[Opening SOURCE MATERIAL section]
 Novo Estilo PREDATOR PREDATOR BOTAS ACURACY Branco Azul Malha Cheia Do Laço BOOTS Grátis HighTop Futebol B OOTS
[Closing SOURCE MATERIAL section]
[Opening SOURCE MATERIAL section]
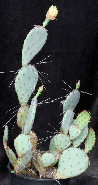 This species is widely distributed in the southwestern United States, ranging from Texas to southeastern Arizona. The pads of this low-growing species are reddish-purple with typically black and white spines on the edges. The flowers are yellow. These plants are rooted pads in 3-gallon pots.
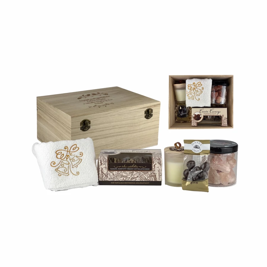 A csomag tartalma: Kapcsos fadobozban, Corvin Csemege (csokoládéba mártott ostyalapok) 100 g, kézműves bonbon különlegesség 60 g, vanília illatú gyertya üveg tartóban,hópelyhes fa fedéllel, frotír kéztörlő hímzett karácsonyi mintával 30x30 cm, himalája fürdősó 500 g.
[Closing SOURCE MATERIAL section]
### PROBLEM TO WORK ON
Look above for the line with "This species is" and the line with "A csomag tartalma: Kapcsos". Copy them and every line between, exactly, but no pictures.

### ANSWER TO THE PROBLEM
 This species is widely distributed in the southwestern United States, ranging from Texas to southeastern Arizona. The pads of this low-growing species are reddish-purple with typically black and white spines on the edges. The flowers are yellow. These plants are rooted pads in 3-gallon pots.
 A csomag tartalma: Kapcsos fadobozban, Corvin Csemege (csokoládéba mártott ostyalapok) 100 g, kézműves bonbon különlegesség 60 g, vanília illatú gyertya üveg tartóban,hópelyhes fa fedéllel, frotír kéztörlő hímzett karácsonyi mintával 30x30 cm, himalája fürdősó 500 g.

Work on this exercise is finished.